>>

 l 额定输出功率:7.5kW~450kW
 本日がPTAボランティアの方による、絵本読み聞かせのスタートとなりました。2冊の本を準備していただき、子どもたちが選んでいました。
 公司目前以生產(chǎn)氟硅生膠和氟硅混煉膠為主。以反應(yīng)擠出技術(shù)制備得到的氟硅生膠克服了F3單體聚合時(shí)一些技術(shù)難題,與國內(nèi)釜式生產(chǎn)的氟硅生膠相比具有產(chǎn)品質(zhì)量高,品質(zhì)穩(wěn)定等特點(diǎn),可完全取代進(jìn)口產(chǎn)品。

<<
>>

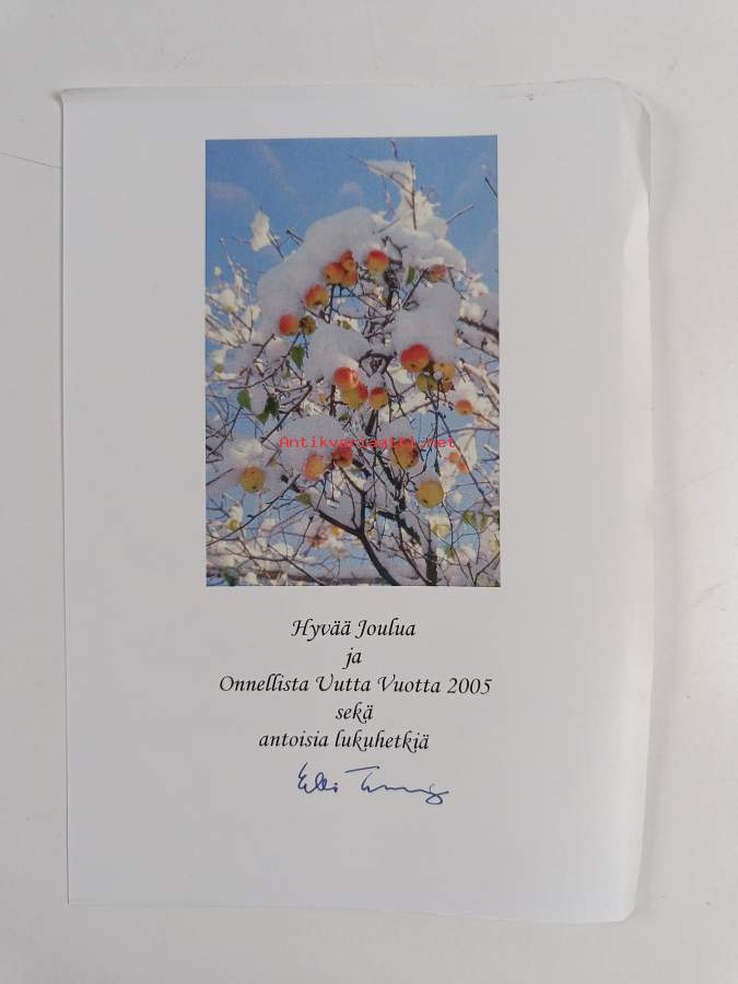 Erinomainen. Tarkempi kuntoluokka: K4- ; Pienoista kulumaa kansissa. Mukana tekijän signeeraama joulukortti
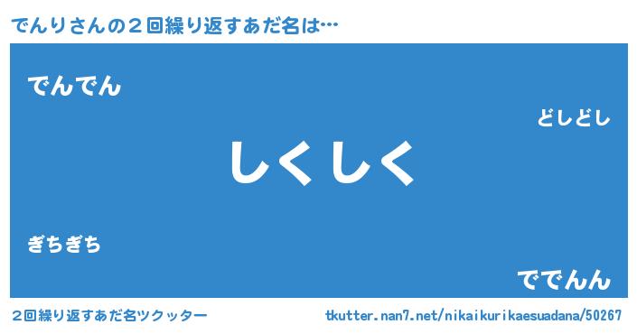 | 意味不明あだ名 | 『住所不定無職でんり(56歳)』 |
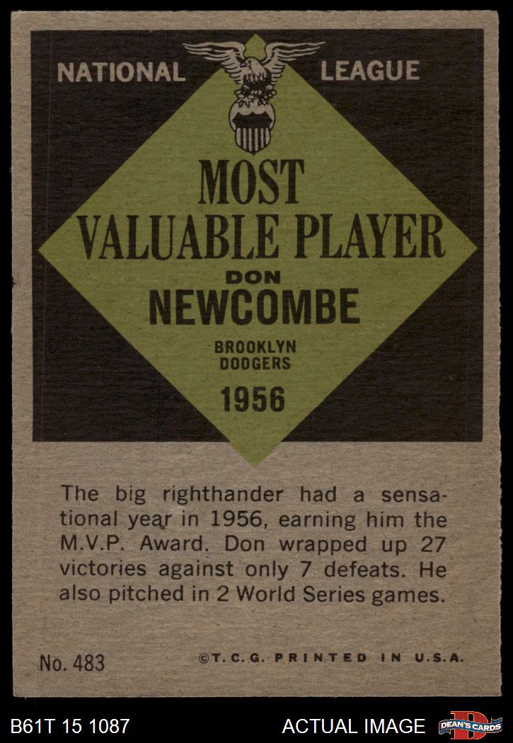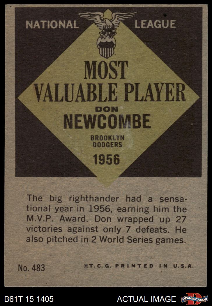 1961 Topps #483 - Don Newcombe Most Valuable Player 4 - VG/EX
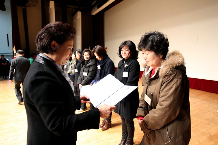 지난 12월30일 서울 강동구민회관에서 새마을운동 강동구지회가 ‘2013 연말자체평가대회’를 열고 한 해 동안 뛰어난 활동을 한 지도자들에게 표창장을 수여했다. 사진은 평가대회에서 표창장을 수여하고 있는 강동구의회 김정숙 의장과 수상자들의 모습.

<<

Above are records; repeat only the lines starting at the line with "l 额定输出功率:7.5kW~450kW" and ending at the line with "公司目前以生產(chǎn)氟", exactly as they appear, both included.

**Solution to this task**
 l 额定输出功率:7.5kW~450kW
 本日がPTAボランティアの方による、絵本読み聞かせのスタートとなりました。2冊の本を準備していただき、子どもたちが選んでいました。
 公司目前以生產(chǎn)氟硅生膠和氟硅混煉膠為主。以反應(yīng)擠出技術(shù)制備得到的氟硅生膠克服了F3單體聚合時(shí)一些技術(shù)難題,與國內(nèi)釜式生產(chǎn)的氟硅生膠相比具有產(chǎn)品質(zhì)量高,品質(zhì)穩(wěn)定等特點(diǎn),可完全取代進(jìn)口產(chǎn)品。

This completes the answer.